4290/17209
If I got nothing else from this Fringe (and I am not sure that I did) then at least I got this nice photo of me looking like a Mafia don (according to my wife). There are some cracking photos in that collection from the amazing Idil Sukan.
I am at least ending the Fringe feeling less knackered and ill than ever before. I haven’t even succumbed to any illness all month, which is quite remarkable. And today I managed what will no doubt be my last trip to the Edinburgh gym in 2014, but it’s very unusual for me to have that kind of energy.
I appeared on Jack Dee’s Help Desk this evening, a neat little format in which a panel of comedians suggests solutions to the audience’s problems. It was a fun, non-competitive and entirely improvised hour which created a lot of laughs. It would obviously make a great TV show. It led to some funny chats about being cabbaged and the danger of putting cat flaps in for your mum (any old lady from the street can make her way into your house to eat an extra dinner).
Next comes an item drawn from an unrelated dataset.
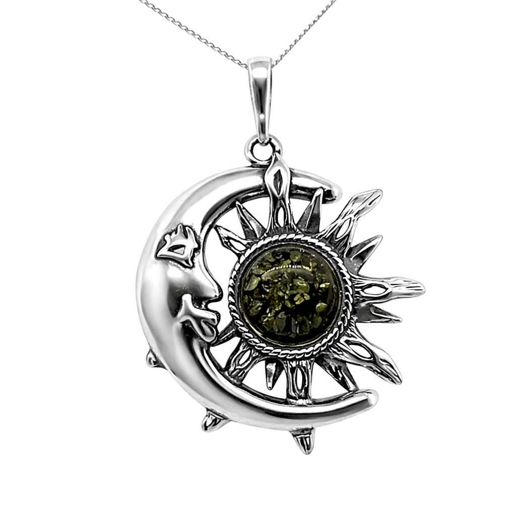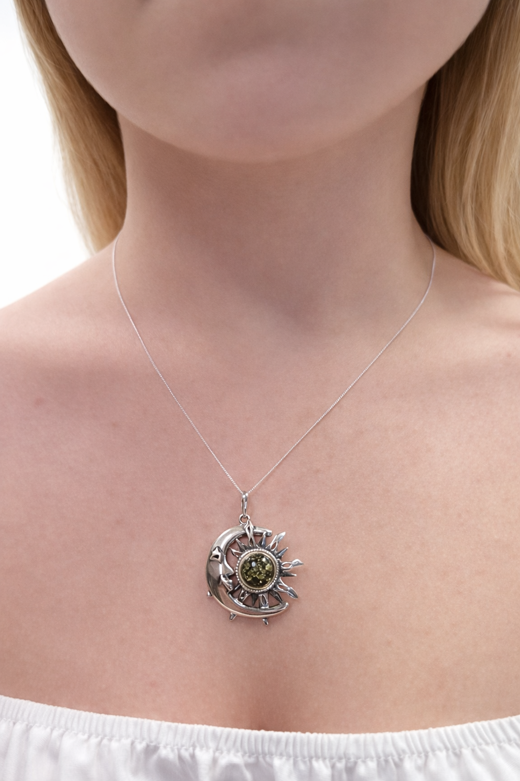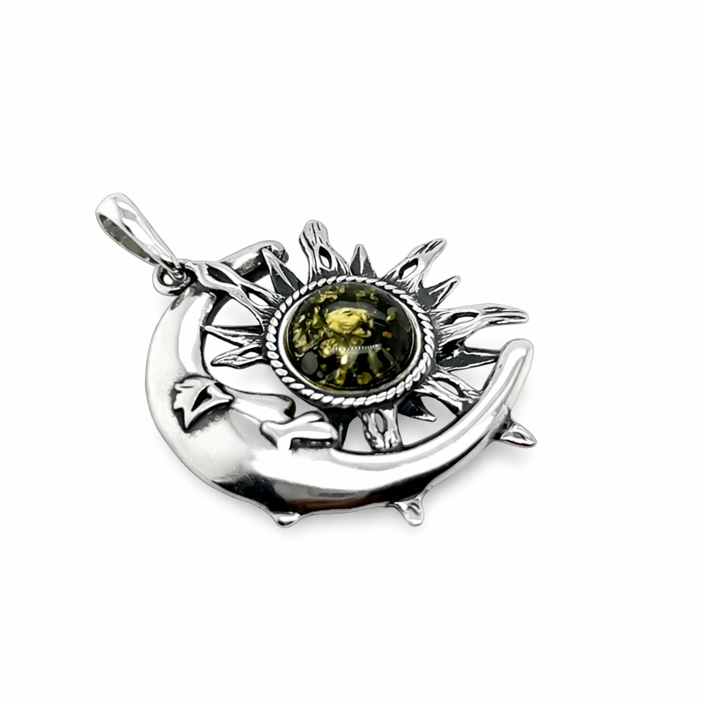 Zawieszka srebrna z bursztynem SŁOŃCE W KSIĘŻYCU

My final Saturday show went well and there were a couple of hundred in, which any other year would have been disappointing, but this year was one of my biggest crowds. After I was done I had to dash across town to take part on Best of the Fest at the Assembly Rooms on George Street. This is a gig that I have done most years over the last decade, but I have rarely had a good one here. In fact I might only have had bad ones. The most memorably being possibly my worst ever gig when I was drunk and followed Rhys Darby. I ran through the streets to get there and got there in time to have a beer and to listen to Stephen K Amos who was going down brilliantly. After my gig at the Edinburgh Playhouse at the start of the Fringe I felt I should be OK in front of an audience that didn’t know me, as long as they were up for some filth.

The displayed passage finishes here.